Image sensors. They are so special because they do not register frames every few milliseconds but output a high frequency signal only for these pixel that registered an intensity change above a certain threshold. So if you film a static scene with an event camera, it will NOT produce any output signal since no pixel registers a change. Only when you move the camera, all pixels that significantly change in value will produce an output for the duration of the movement. 

In the following image, you can see the output over time for a std camera and an event based camera, both filming a rotating plate with a dark marker on it.
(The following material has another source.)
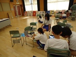 10グループに分かれ、それぞれのアイディアをより良く伝えようと工夫している真っ最中です。ポスターの原画を制作する、タブレットで資料を作る、地域の講師の方にアドバイスをうかがう、などの様々な役割を決めて、主体的に活動しています。

We can note a few things here. First, the output of the standard cameras are whole frames (images) over time, while the output of the event based camera are individual pixels over time, but with a much higher timely density. Second, the evnet based camera does not register the central point of the spinning plate, since it does not change. Third, the DVS output pixels are either blue or red, while red symbolizes an increase in density, blue a decrease in pixel density value. The output of the DVS is therefore a set of asynchronous events whenever a pixel registers a change in intensity. An event can therefore be characterized by (time, (u,v), sign). 
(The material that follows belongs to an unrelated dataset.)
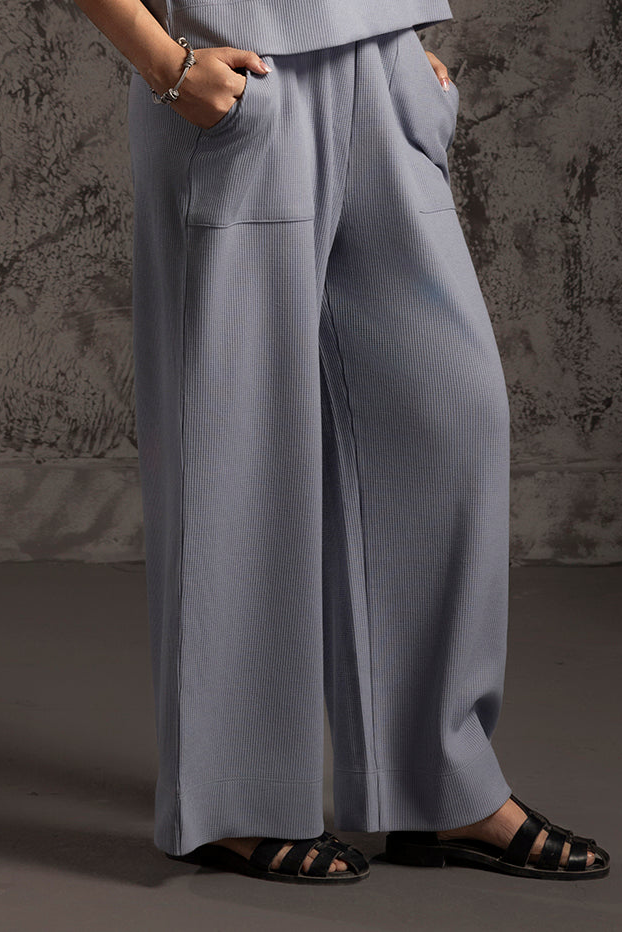 Elevate your everyday wardrobe with this sophisticated waffle knit trouser in a refined dusky blue shade. Crafted from textured fabric, this piece delivers both comfort and style with its distinctive knit construction that adds visual depth and dimension. The structured silhouette flatters the figure while the breathable material ensures all-day wearability. Perfect for transitioning from office to casual settings, this versatile trouser pairs effortlessly with blazers, sweaters, or simple tees. A timeless essential that combines contemporary design with practical elegance.

![Rotating plate, filmed by std and event-based camera](https://github.com/joelbarmettlerUZH/PyVisualOdometry/raw/master/img/chapter_17/cameras_filming_rotating_plate.png)
*Figure 1: Rotating plate, filmed by std and event-based camera. [source](http://rpg.ifi.uzh.ch/docs/teaching/2019/http://rpg.ifi.uzh.ch/docs/teaching/2019/14_event_based_vision.pdf)*

## Event based Cameras

Event based cameras are just cameras that use a DVS sensor. To understand the cameras functionality in details, we will examine one single pixel over time and see how it creates events. This is a valid simplification since pixels are asynchronous and independent from each other anyways, so by looking at a single pixel, we can explain the cameras functionality as a whole. 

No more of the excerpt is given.